Luckily I didn’t have to wait long for them to grab me from the waiting room.

The nurse led me back to the treatment area, and I relayed how my cat jumped off my lap and gave me this cut. Ovaltine everywhere.

I was in good spirits. This was a ridiculous story. 

Someone came in to sanitize and numb up the area, and then I waited for them to come back to give me stitches.

I had to pee, but I didn’t want to risk contaminating this thing. 

I waited for an hour for them to come back and give me stitches. I could not hold it anymore. Damnit.

I called the ER nurse in, and she gave me some gauze to hold over it while I used the restroom. Again, “don’t let anything touch it.”

Cool. I’ve got this. 

Hospital gowns are always too big on me. I tried to bundle all of it into one hand and hold the gauze with the other. 

I don’t have a free hand to wipe with! How am I going to do this?

I tried to carefully transfer both the gown and the gauze into one hand, and reached for the toilet paper with the other. 

I heard a splash. 

The gown had fallen into the toilet. 

Well, shit. 

I removed the gown from the rest of me, finished my business, washed my one free hand, and proceeded to hit the call button. Never removing the gauze. Again grateful to be wearing underwear. 

The nurse cracked the door open. She took one look at me, looked at the toilet, and looked back at me as I smiled at her guiltily. “I’ll go get another gown,” she said. 

The whole experience was funny to me. I finally got stitched up and on my way twenty or thirty minutes later. I am not sure if any of the nurses or doctors really believed this was from a cat scratch. 

15 stitches I counted in my leg. 

15. 

Now that I know I have vEDS, and I know my thin skin is part of my condition, I look back at this story and other stories like it and think it was so obvious.

My dad used to tell me that scars are cool. My entire body is covered in scars. They tell my story.

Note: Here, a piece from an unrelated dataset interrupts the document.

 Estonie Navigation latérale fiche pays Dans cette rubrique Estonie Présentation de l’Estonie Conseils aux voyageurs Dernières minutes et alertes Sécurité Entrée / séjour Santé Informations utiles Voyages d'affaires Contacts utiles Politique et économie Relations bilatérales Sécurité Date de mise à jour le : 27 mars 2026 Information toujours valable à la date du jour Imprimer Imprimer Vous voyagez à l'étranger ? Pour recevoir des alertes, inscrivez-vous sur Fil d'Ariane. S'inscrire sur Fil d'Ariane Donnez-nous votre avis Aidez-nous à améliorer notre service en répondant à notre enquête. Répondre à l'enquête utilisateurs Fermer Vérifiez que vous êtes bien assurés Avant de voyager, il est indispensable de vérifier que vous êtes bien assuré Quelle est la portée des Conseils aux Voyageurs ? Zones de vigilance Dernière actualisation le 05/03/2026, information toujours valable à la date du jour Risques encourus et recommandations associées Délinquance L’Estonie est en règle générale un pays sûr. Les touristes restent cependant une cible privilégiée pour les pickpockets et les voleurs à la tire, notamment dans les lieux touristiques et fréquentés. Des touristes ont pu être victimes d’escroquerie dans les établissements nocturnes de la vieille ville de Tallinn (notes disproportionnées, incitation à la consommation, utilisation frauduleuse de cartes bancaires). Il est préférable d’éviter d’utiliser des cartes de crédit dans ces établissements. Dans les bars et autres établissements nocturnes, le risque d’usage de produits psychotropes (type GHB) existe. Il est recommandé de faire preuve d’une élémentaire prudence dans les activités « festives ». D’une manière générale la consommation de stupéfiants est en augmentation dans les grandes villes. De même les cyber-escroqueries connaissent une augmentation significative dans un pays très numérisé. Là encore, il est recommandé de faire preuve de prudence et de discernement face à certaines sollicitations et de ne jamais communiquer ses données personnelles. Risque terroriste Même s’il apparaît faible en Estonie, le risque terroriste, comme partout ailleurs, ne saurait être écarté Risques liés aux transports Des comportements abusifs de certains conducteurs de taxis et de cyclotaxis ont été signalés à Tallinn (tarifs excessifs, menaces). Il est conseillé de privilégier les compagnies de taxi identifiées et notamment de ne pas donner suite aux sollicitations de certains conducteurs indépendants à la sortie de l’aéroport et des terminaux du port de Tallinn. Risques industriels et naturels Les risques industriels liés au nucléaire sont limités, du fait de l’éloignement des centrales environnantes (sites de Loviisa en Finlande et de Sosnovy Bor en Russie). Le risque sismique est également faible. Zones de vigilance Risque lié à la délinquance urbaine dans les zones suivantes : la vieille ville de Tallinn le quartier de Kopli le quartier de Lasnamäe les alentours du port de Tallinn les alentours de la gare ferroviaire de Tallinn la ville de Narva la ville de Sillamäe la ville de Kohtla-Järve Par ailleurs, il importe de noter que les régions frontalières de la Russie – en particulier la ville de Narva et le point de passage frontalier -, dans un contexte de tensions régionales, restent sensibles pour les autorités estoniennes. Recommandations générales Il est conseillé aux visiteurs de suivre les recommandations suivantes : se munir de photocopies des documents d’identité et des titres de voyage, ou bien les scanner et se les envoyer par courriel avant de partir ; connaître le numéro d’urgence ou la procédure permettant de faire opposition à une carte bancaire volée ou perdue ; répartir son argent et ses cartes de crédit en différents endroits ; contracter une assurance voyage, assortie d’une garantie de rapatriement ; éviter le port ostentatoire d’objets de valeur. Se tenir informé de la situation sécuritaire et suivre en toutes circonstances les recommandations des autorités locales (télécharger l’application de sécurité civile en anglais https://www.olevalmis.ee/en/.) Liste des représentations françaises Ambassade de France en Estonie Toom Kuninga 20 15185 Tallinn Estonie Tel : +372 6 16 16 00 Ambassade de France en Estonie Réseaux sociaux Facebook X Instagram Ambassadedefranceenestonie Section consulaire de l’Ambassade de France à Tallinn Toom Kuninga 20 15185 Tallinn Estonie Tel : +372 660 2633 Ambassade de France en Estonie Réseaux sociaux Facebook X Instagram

My belly button ring ripped out when it caught on a counter, I’ve had 12 stitches from a warehouse rehab job I worked on with my dad, I’ve been cut open by bumping into the side of the cooler at the convenience store where I used to work…the stories are seemingly endless. I even cut my knee open on a couch when I was nine. 

A couch. 

My skin is thin on the bottom of my feet too. When I was a kid, I used to marvel at how many rough surfaces my brother could walk on barefoot. My grandparents had a gravel driveway, and he would just walk on the gravel, no big deal.

I can remember trying to persevere through pain walking on the stones barefoot. Thinking if I did it long enough I would be able to do it too. Maybe I would get callused feet and it wouldn’t be as painful. 

I never could. It hurt too bad, bruising the bottom of my feet. 

I look at the bottom of my feet now and see my veins through the thin skin. I giggle to myself. That was a child’s game, and now I know what it all means. 

This thin fragile skin is from a genetic condition. There is nothing I can really do to change it, and it is the least of my worries. 

With the risk of arteries dissecting, or my arteries and organs rupturing from vEDS, I appreciate these signs that were missed before. And while I might be thin-skinned in appearance, I think the frequent injuries have made me tougher when it comes to dealing with new ones. Each injury is story, waiting to be told.